Yumei WANG Jiawei LIANG Hao WANG Eiji OKI Lin ZHANG
In 3GPP (3rd Generation Partnership Project) LTE (Long Term Evolution) systems, when HARQ (Hybrid Automatic Repeat request) retransmission is invoked, the data at the transmitter are retransmitted randomly or sequentially regardless of their relationship to the wrongly decoded data. Such practice is inefficient since precious transmission resources will be spent to retransmit data that may be of no use in error correction at the receiver. This paper proposes an incremental redundancy HARQ scheme based on Error Position Estimating Coding (ePec) and LDPC (Low Density Parity Check Code) channel coding, which is called ePec-LDPC HARQ. The proposal is able to feedback the wrongly decoded code blocks within a specific MAC (Media Access Control) PDU (Protocol Data Unit) from the receiver. The transmitter gets the feedback information and then performs targeted retransmission. That is, only the data related to the wrongly decoded code blocks are retransmitted, which can improve the retransmission efficiency and thus reduce the retransmission overload.
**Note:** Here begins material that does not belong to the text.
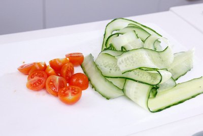 Dưa chuột và cà chua rửa sạch. Cắt cà chua bi làm đôi và nạo dưa chuột thành từng miếng dài mỏng.
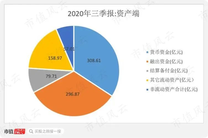 2020年三季报显示,东方财富账上拥有309亿元的货币资金、297亿元的融出资金、80亿元的结算备付金,流动资产占总资产93.7%。

An enhanced incremental redundancy LDPC coding approach, called EIR-LDPC, together with a physical layer framing method, is developed to implement ePec-LDPC HARQ. Performance evaluations show that ePec-LDPC HARQ reduces the overall transmission resources by 15% compared to a conventional LDPC HARQ scheme. Moreover, the average retransmission times of each MAC PDU and the transmission delay are also reduced considerably.